REperfusion Facilitated by LOcal Adjunctive Therapy in ST-elevation Myocardial Infarction

ST-elevation Myocardial Infarction (STEMI) Clinical Trial

— REFLO-STEMI  

Official title:

Randomized Controlled Trial Comparing Intracoronary Administration of Adenosine or Sodium Nitroprusside to Control for Attenuation of Microvascular Obstruction During Primary Percutaneous Coronary Intervention

Clinical Trial Details — Status: Completed

Administrative data

• NCT number: NCT01747174
• Other study ID #: CLRN 53469
• Secondary ID: 2010-023211-3409
• Status: Completed
• Phase: Phase 2
• First received: November 20, 2012
• Last updated: June 15, 2015
• Start date: October 2011
• Est. completion date: December 2014

Study information

• Verified date: June 2015
• Source: University Hospitals, Leicester
• Contact: n/a
• Is FDA regulated: No
• Health authority: United Kingdom: National Institute for Health Research
• Study type: Interventional

Clinical Trial Summary

The purpose of this study is to determine whether intra-coronary adenosine or sodium nitroprusside (SNP) delivered selectively via a thrombus aspiration catheter (or if unsuccessful via a coronary microcatheter) following thrombus aspiration in Primary Percutaneous Coronary Intervention (P-PCI) reduces microvascular obstruction (MVO) parameters and infarct size as measured with cardiac MRI, compared with standard treatment following thrombus aspiration in patients presenting with ST-elevation myocardial infarction (STEMI).

Description:

>100,000 patients suffering STEMI present in the UK each year. P-PCI in the UK is increasing exponentially. In 2004 there were <1500 P-PCI and in 2007 and 2008 these figures had increased to 5902 and 9224 respectively (BCIS database).

Although P-PCI delivered quickly is more effective than thrombolysis, the efficacy of this, essentially mechanical, technique is limited by the unpredictable phenomenon of no-reflow and the under-stated lesser degrees of MVO. As more UK centres adopt P-PCI the dilemma of how to attenuate MVO will remain.
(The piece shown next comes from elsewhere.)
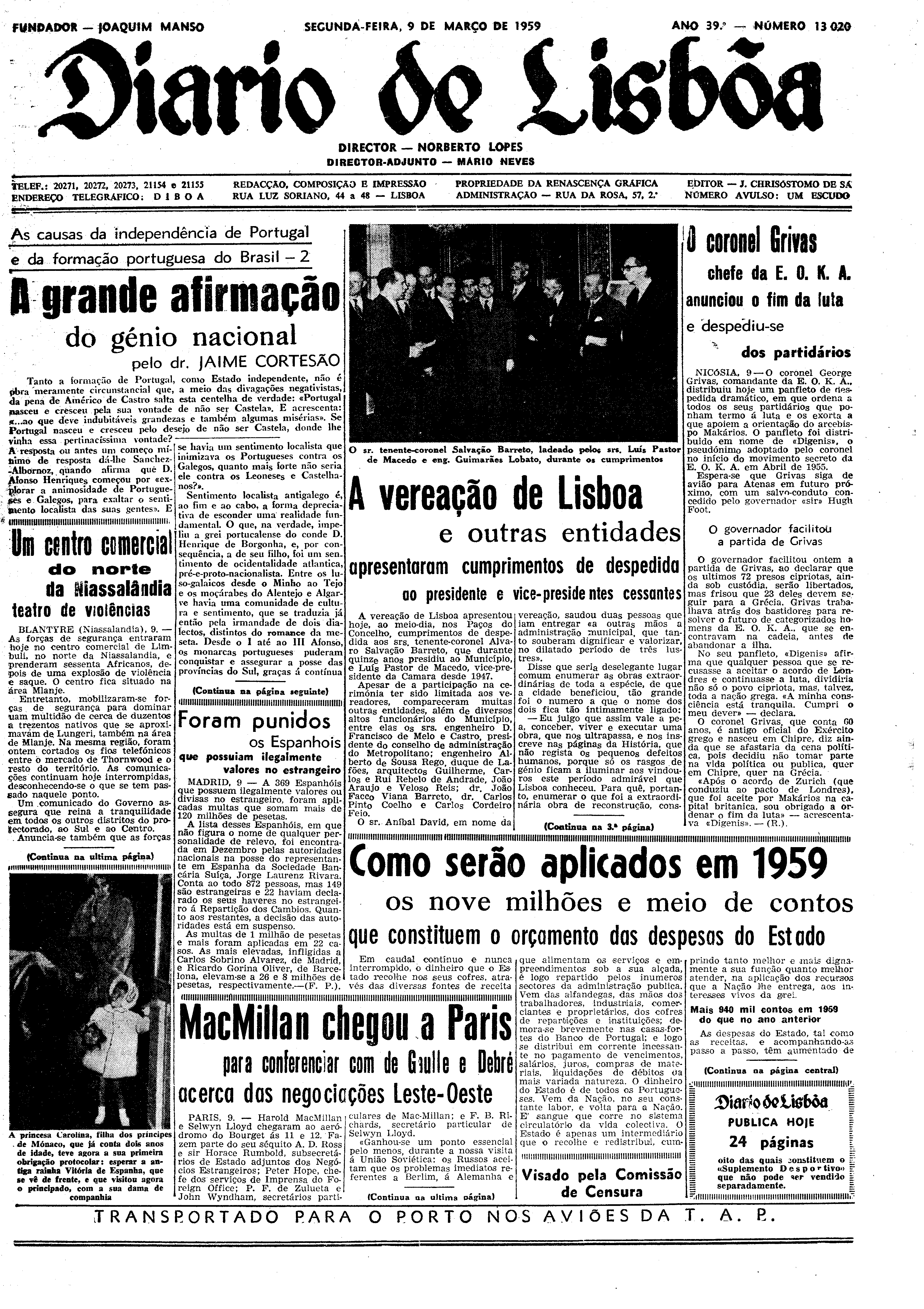Instituição: Fundação Mário Soares e Maria Barroso Pasta: 06534.072.16178Título: Diário de LisboaNúmero: 13020Ano: 39Data: Segunda, 9 de Março de 1959Directores: Director: Norberto Lopes; Director Adjunto: Mário NevesObservações: Inclui supl. "Desportos".Fundo: DRR - Documentos Ruella RamosTipo Documental: IMPRENSADireitos: A publicação, total ou parcial, deste documento exige prévia autorização da entidade detentora.

Currently there is no consensus on the optimal management to prevent or attenuate MVO particularly when thrombus laden lesions are treated with P-PCI.

There is divergent clinical practice, even within institutions, in the UK and worldwide. This is because there is no solid evidence base to inform clinicians. The current options for interventional cardiologists are:

1. Routinely aspirate thrombus and give IC vasodilator during the intervention but only in high burden thrombus formation lesions.

2. Perform a standard P-PCI only and then give IV vasodilator if angiographic no-reflow develops.

3. Routinely consider that angiographically silent MVO (i.e a grade below true "no-reflow") may have important impact on infarct size and clinical outcome and treat prophylactically.

Few if any clinicians follow this thinking. Indeed, it appears impossible to predict the incidence of (no-reflow/MVO) from the presenting angiogram (pre- or post- wire or balloon) and it can be argued that irrespective of thrombus burden it would be better to undertake prophylactic treatment in all patients, following the use of aspiration catheter, with delivery of agents able, in theory at least, to reduce (angiographically undetectable) MVO. Several studies of IC adenosine or SNP have shown favourable effects in attenuating MVO. However, the size of effect with either drug and whether indeed there is a difference between them in reducing MVO and infarct size is undetermined.

The objectives of our proposed study are to determine:

1. Whether adjunctive pharmaco-therapy at time of P-PCI and following thrombus aspiration, reduces CMR-determined MVO and infarct size.

2. Whether there is a difference between adenosine and SNP in reducing CMR-detected MVO and infarct size, both given selectively and distally via a thrombus aspiration catheter or a coronary microcatheter.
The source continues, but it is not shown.